-------- SUPPLIED DATA --------

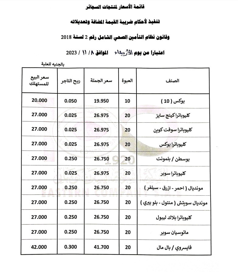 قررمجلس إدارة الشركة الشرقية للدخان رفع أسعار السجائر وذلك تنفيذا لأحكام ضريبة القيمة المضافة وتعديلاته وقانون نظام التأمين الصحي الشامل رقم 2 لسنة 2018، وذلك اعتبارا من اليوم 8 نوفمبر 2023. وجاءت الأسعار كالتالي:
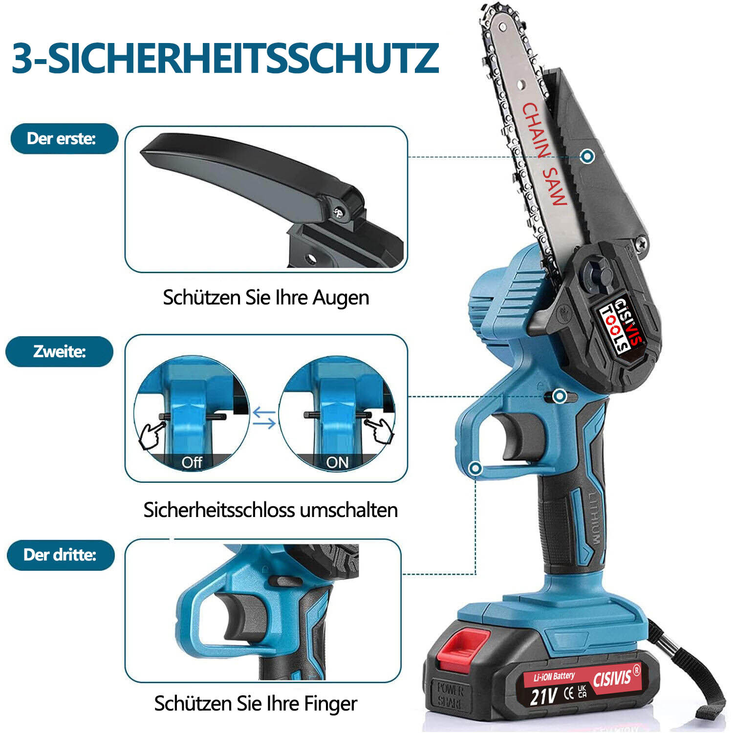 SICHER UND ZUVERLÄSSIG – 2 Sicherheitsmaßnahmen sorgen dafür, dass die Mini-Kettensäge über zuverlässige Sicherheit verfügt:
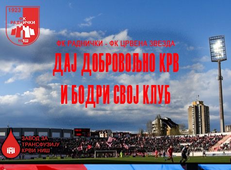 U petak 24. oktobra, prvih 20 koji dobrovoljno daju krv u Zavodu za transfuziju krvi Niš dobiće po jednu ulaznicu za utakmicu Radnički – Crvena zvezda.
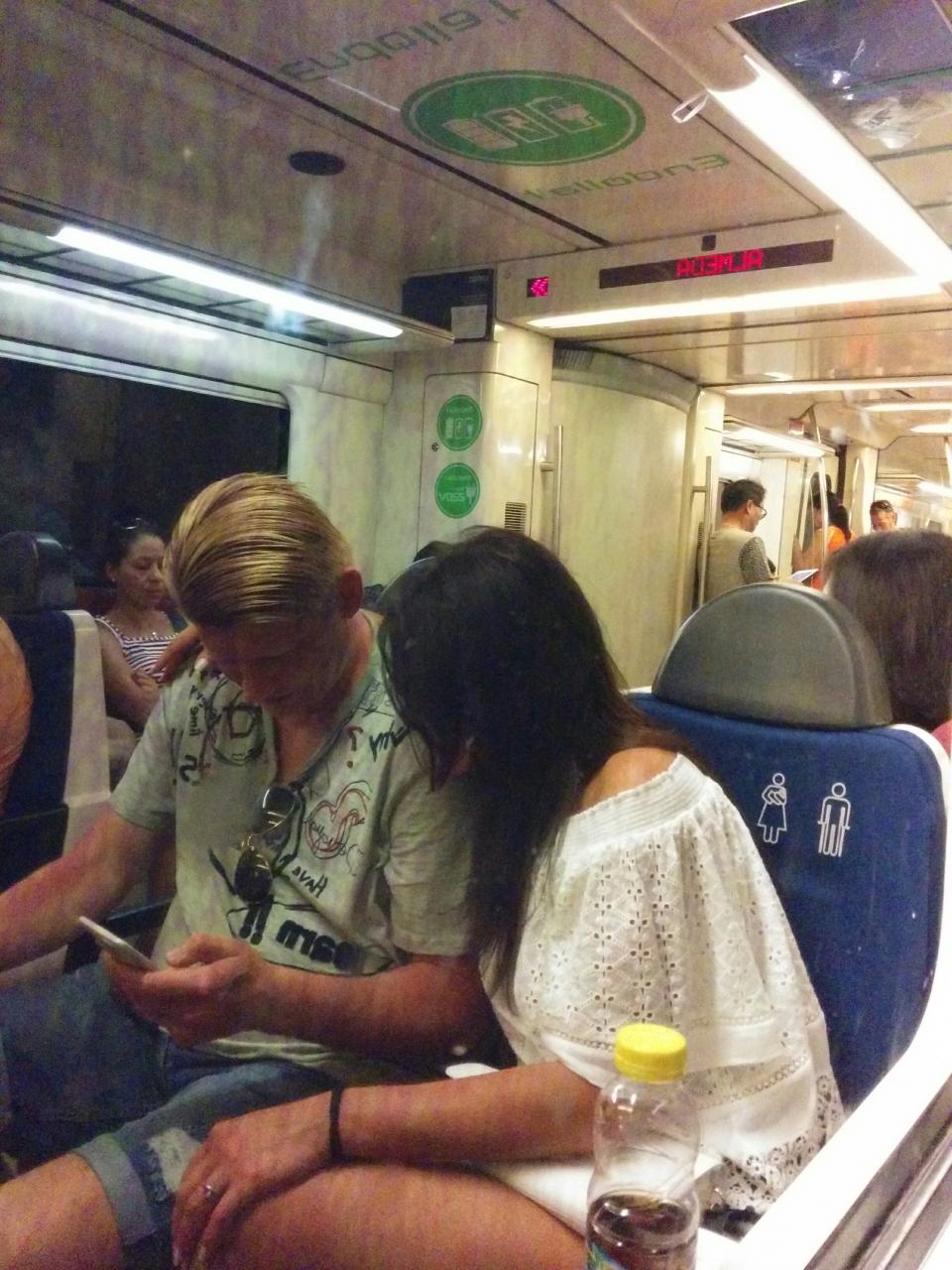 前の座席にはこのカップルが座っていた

--------

Each line from the one containing "SICHER UND ZUVERLÄSSIG" through the last line above should be retyped exactly, and no other line. Any picture is to be left out.

 SICHER UND ZUVERLÄSSIG – 2 Sicherheitsmaßnahmen sorgen dafür, dass die Mini-Kettensäge über zuverlässige Sicherheit verfügt:
 U petak 24. oktobra, prvih 20 koji dobrovoljno daju krv u Zavodu za transfuziju krvi Niš dobiće po jednu ulaznicu za utakmicu Radnički – Crvena zvezda.
 前の座席にはこのカップルが座っていた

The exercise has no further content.